Ideally, I would call glBindFramebuffer (binding my XrFramebuffer) and render the frame using OpenGL into it. That way the frame is in OpenXR. In OpenXR, I'll define I want to render it on a plane in 3D space.

It is work in progress and I am new to this repo, please be patient if I commit or say something stupid.

twaik commented 4 months ago

First, I need to figure out how the rendering in this project works.

I explained where exactly Surface is being used so I can explain rendering process too. Renderer is pretty much simple. Right after initialisation of itself X server starts renderer initialisation. It gets jmethodIDs of some Surface related functions, prepares GLDisplay and primitive GLContext and does some checks (to determine if device supports sampling AHardwareBuffer in RGBA and BGRA formats) and creates AHardwareBuffer for root window (if it is supported). After initialisation X server waits for Activity connection. When activity is connected it sends Surface and related data. Renderer initialises new GLContext based on this Surface (in ANativeWindow shape), creates shader and textures for root window and cursor and allows X server draw on there. When server wants to draw screen or cursor is being changed/moved renderer uses shader to draw both root window and cursor textures on current GLSurface and invokes eglSwapBuffers. In the case if device supports sampling AHardwareBuffer of required type root window texture is created with eglGetNativeClientBufferANDROID+eglCreateImageKHR+glEGLImageTargetTexture2DOES, otherwise it is created with simple glTexImage2D and being updated with glTexSubImage2D. Cursor texture is updated with glTexImage2D because I did not meet animated hi-res cursors. But that can be fixed.

Actually this process is pretty much simple. You can reimplement the whole thing in pure vulkan and integrate it to your OpenXR related code.

But. I am not sure why OpenXR context is initialized with JavaVM and global reference of Activity. So I am not sure if it can run completely in X server process. I think I will understand it better in the case you elaborate how exactly that works.

lvonasek commented 4 months ago

I explained where exactly Surface is being used so I can explain rendering process too. ...

Thank you, this is very helpful.

But. I am not sure why OpenXR context is initialized with JavaVM and global reference of Activity. So I am not sure if it can run completely in X server process. I think I will understand it better in the case you elaborate how exactly that works.

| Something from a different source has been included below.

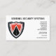 This business card for a security company features a red, black, and white shield as a logo; it may be replaced. Very sharp and professional-looking, and easily adaptable to your needs.

For JavaVM I found nowhere any info why is it required. The activity itself is needed for app lifecycle (listening to onWindowFocusChange, onPause and onResume events). I try to elaborate but I am really not good at explaining:

AR/VR headsets have two app modes: 2D (Android apps flying in 3D space) and immersive OpenXR mode. In immersive mode the app cannot render anything using Android API. The only way to show something on screen is OpenGL/Vulkan. Meta recently added support for hybrid apps where you can switch between 2D and XR activity.

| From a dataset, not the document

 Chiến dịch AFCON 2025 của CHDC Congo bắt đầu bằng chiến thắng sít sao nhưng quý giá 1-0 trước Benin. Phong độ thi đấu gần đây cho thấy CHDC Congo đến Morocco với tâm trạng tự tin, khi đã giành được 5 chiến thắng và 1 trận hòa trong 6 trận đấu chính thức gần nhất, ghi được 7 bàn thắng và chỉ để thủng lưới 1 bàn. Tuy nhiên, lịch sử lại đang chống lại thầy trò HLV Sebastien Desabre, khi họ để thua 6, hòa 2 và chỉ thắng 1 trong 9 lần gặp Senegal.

I added hybrid app support into this PR and trigger OpenXR runtime only if the app is running on a headset. The final APK will run on regular Android and XR headset(s). Currently it is under construction but in the future I would like to start XR only if the XServer is running (currently there is no way in the headset to go into the preferences or open help page).

beef-ox commented 4 months ago

@lvonasek

With all due respect, I would rather not lose the ability to render as a 2D app on the Quest's home launcher when the x server is displaying 2D content. There should be no need to do that.

x11 is a very important and well-understood protocol. If you want to implement Quest support, I don't think you should be creating a custom, made by you 3D environment to reproject onto, from which all further users of Termux:x11 will then be forced into using, over the Quest's multi-tasking launcher which lets you have 3 2D apps side by side; perfect for my programming workflow for example (and many others)

The goal of Tx11 should be to implement as much of the x11 client protocol as possible, and as close to spec in all respects as possible. The distinction as to whether it should attempt 2D mode vs immersive mode should not be reliant upon the device it is on, but upon whether the x server is attempting to display OpenXR content AND the hardware supports it.

I 100% agree, if the Linux environment is trying to output stereoscopic content over x11, this should indeed display it in immersive mode, but if not, it should display it as a 2D app window. Ideally, this could work like full screen, where the rendering pipeline is direct vs going through a compositor. 2D content displays in a traditional desktop "display" as a 2D app within a WM/DE, but attempting to display XR content would switch to immersive mode to display that content.

lvonasek commented 4 months ago

With all due respect, I would rather not lose the ability to render as a 2D app on the Quest's home launcher when the x server is displaying 2D content. There should be no need to do that.

I will definitely try to make that optional.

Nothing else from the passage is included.